Two Books
Now that my family castle lies mostly abandoned except for occasional visits from my sons, I have created what I call a shrine room. Hindu friends know well what I am talking about as their homes all have one even if it is only a closet. This room is a special place for meditation, contemplation and prayer. In mine, there is a Cross surrounded by candles on a table with a chalice and plate, there is a kneeling bench, and there is a relief sculpture rendering of St. Francis hanging on the wall next to a framed copy of his popular prayer. But there is also a Buddha box where Kwan Yin lives in my house. If I was really serious, then I would close the doors and let her sleep during the late evening. I forget, so she sits there staring at the darkness all night long – I need to repent of that breach in my spiritual practices.
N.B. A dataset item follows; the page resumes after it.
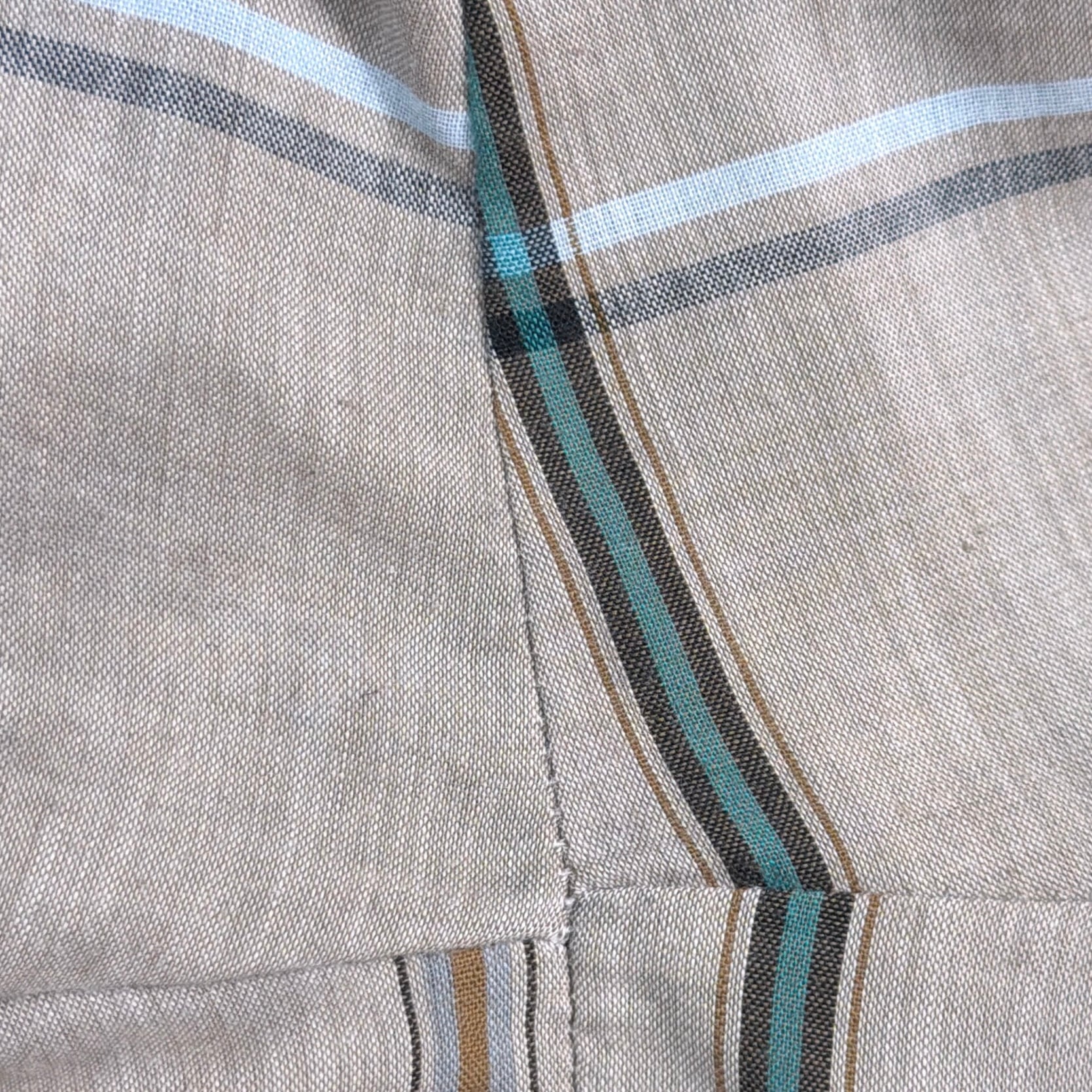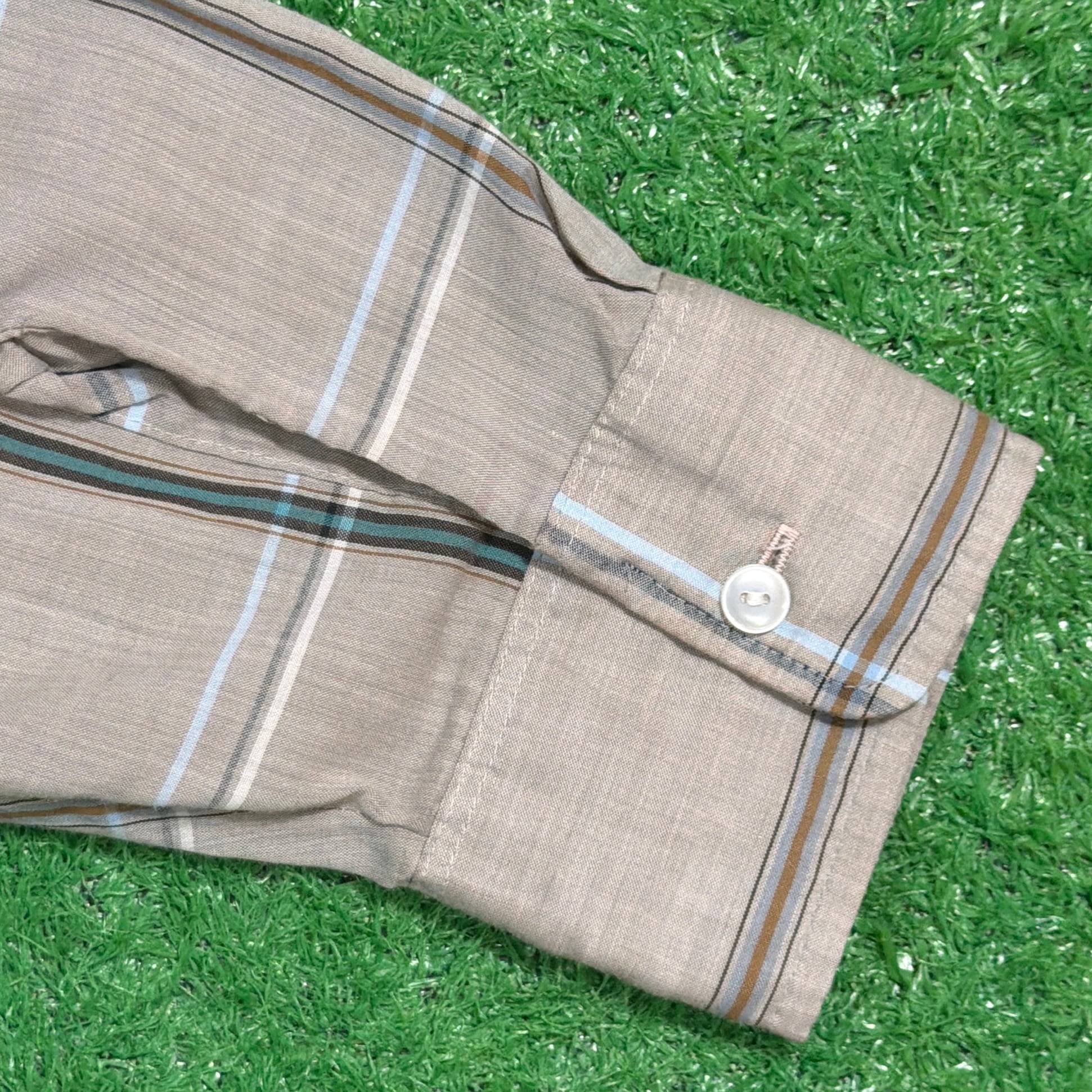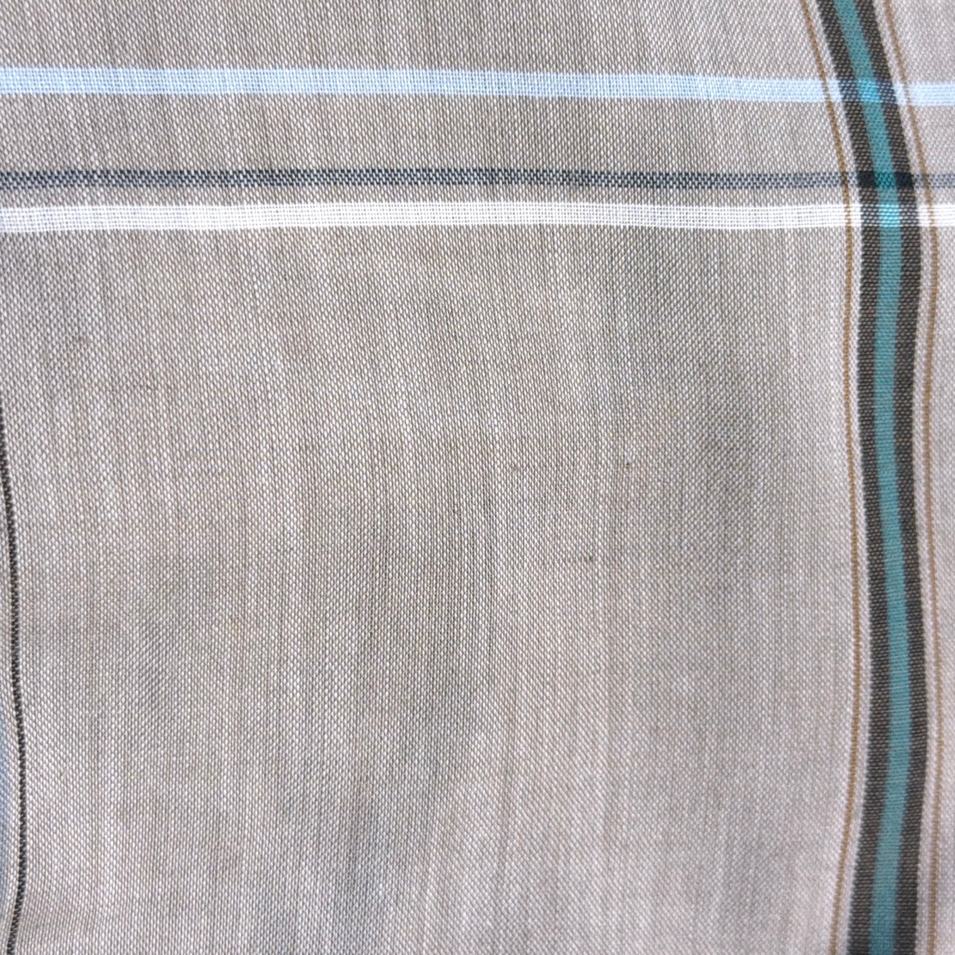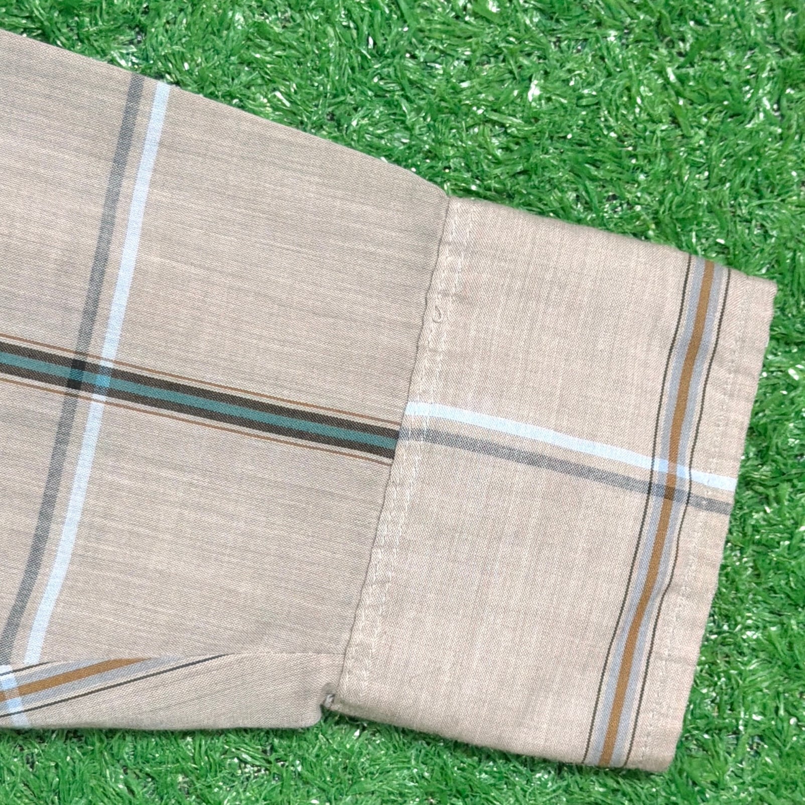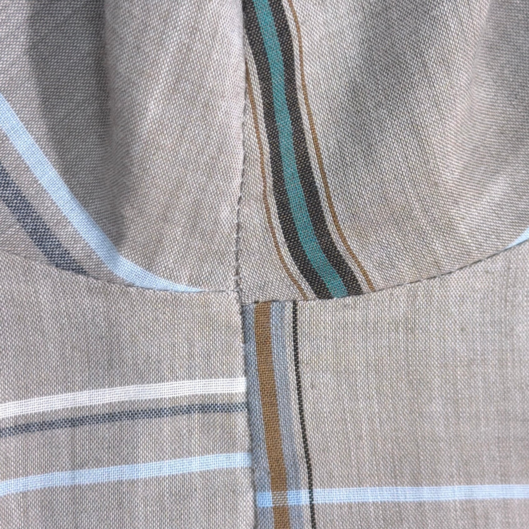 柔らかく薄手のポリコットン生地で仕立てられており、軽やかな着心地と、ほんのりくたっとしたヴィンテージ特有の風合いが魅力。淡いベージュにネイビーやグリーンのチェックが入った落ち着いた配色で、古着らしい抜け感のある雰囲気を楽しめます。

Now I can hear my fundamentalist and more conservative colleagues here in 7 villages saying “I told you so.” This self-proclaimed post-modern inclusivist worships pagan Gods. First, I don’t worship Kwan Yin any more than I worship St. Francis. Also, even if we want to quibble with words, Kwan Yin is not a God, but technically a Bodhisattva, a manifestation of the Buddha (sort of like John the Baptiser was a manifestation of Elijah) whose compassion will not let her claim her place in Nirvana where suffering ceases. As she waits until all can enter together, she returns to a life of service. Not a bad idea to chew on for a while.
There is another contemplation station in my shrine room which tries to hold symbolically some of the questions emerging in this essay. On the top of a chest of drawers, I have left two books standing side by side. There is one of my father’s copies of the Oxford Annotated NRSV Christian Bible. It stays in the shrine room. I have my own well worn copy in my study. Standing next to it is one of my copies of the Tanakh. This is the Jewish Publication Society translation and it was my study text somewhat ironically for my seminary basic course in the Old Testament.
Jaraslov Pelikan’s posthumously published study of the development of the canon(s) and the emergence of historical criticism is titled Whose Bible Is It? It raises more than one provocative question about the relationship between these two texts and the two faiths that claim them as holy writ. I will return to Pelikan soon. First let me step back a minute.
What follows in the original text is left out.